- [ABOUT THIS EXERCISE]:
Print the lines of the entries below from the one with "The Kosta Boda" through the final line, exactly as they appear. The pictures are not part of the copy.

- [MATERIAL FOR THIS TASK]:
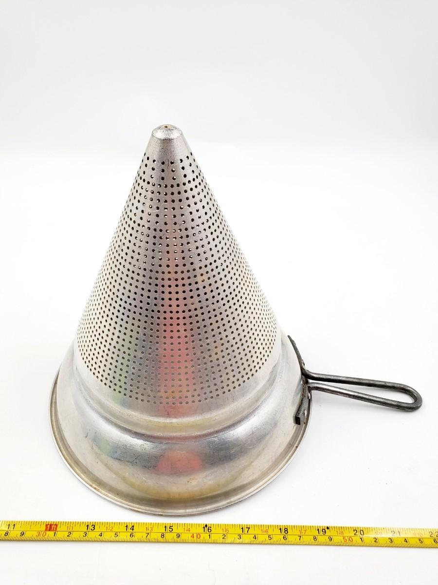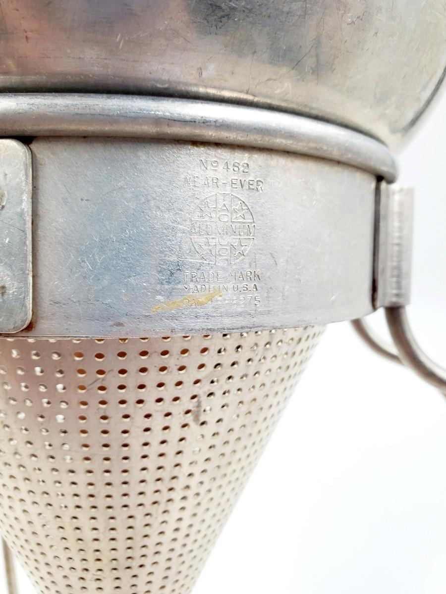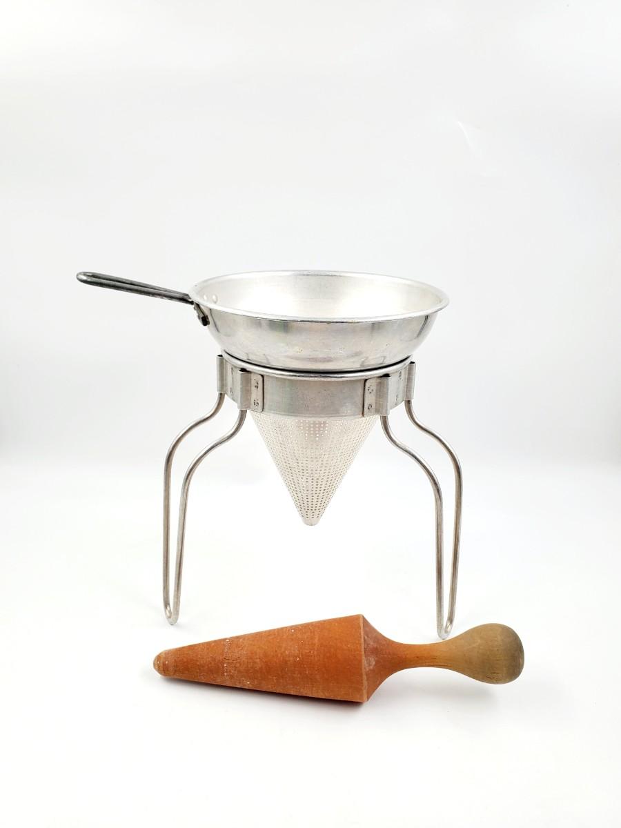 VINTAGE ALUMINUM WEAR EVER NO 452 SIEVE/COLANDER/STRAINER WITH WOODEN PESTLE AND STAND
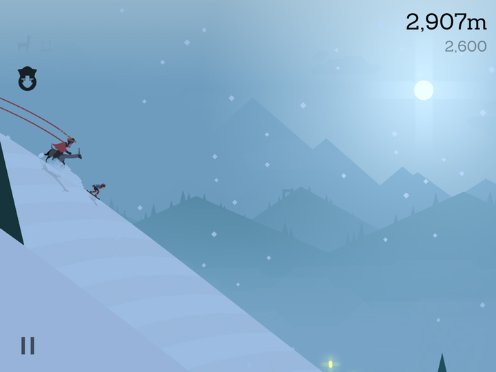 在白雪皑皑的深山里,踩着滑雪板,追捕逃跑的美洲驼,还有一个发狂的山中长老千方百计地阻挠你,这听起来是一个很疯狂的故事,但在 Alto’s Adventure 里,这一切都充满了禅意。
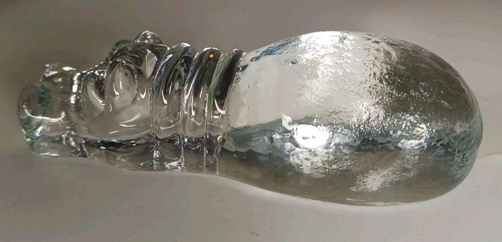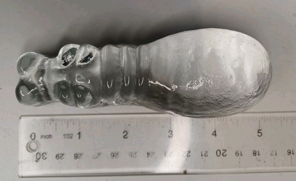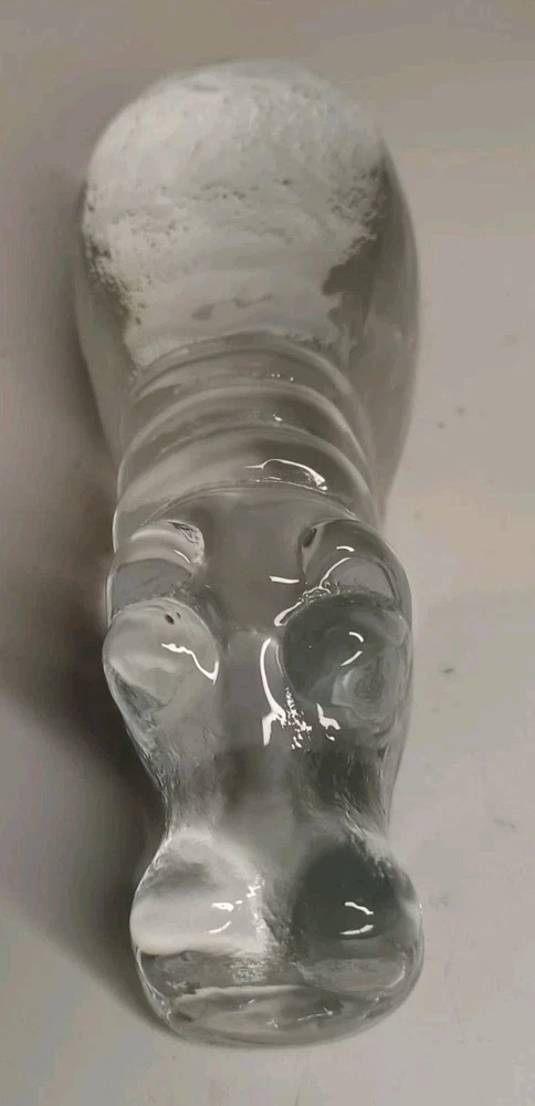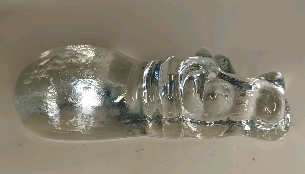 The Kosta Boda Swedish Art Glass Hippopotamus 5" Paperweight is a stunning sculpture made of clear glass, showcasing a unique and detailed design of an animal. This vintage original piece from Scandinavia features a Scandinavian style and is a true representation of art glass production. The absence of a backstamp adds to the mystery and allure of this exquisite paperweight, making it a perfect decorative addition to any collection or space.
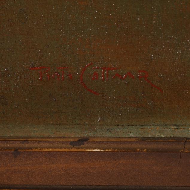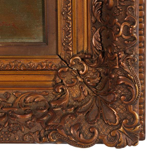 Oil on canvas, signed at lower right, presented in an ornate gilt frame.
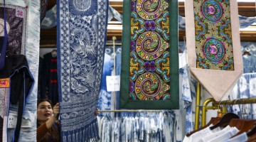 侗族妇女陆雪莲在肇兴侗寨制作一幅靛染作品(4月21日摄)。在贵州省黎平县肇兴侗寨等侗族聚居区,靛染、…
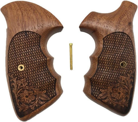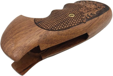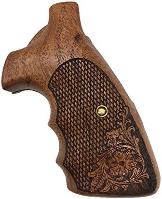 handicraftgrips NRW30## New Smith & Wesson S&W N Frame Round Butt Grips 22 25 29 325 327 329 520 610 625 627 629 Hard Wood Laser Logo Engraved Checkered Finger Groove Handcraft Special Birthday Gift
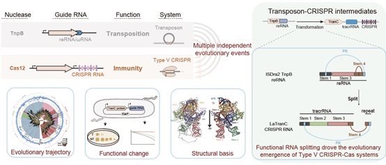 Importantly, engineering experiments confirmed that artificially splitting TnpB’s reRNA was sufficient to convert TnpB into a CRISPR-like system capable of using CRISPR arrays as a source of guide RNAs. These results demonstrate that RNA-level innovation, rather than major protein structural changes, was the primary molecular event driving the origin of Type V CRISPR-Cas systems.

- [EXPECTED OUTPUT]:
 The Kosta Boda Swedish Art Glass Hippopotamus 5" Paperweight is a stunning sculpture made of clear glass, showcasing a unique and detailed design of an animal. This vintage original piece from Scandinavia features a Scandinavian style and is a true representation of art glass production. The absence of a backstamp adds to the mystery and allure of this exquisite paperweight, making it a perfect decorative addition to any collection or space.
 Oil on canvas, signed at lower right, presented in an ornate gilt frame.
 侗族妇女陆雪莲在肇兴侗寨制作一幅靛染作品(4月21日摄)。在贵州省黎平县肇兴侗寨等侗族聚居区,靛染、…
 handicraftgrips NRW30## New Smith & Wesson S&W N Frame Round Butt Grips 22 25 29 325 327 329 520 610 625 627 629 Hard Wood Laser Logo Engraved Checkered Finger Groove Handcraft Special Birthday Gift
 Importantly, engineering experiments confirmed that artificially splitting TnpB’s reRNA was sufficient to convert TnpB into a CRISPR-like system capable of using CRISPR arrays as a source of guide RNAs. These results demonstrate that RNA-level innovation, rather than major protein structural changes, was the primary molecular event driving the origin of Type V CRISPR-Cas systems.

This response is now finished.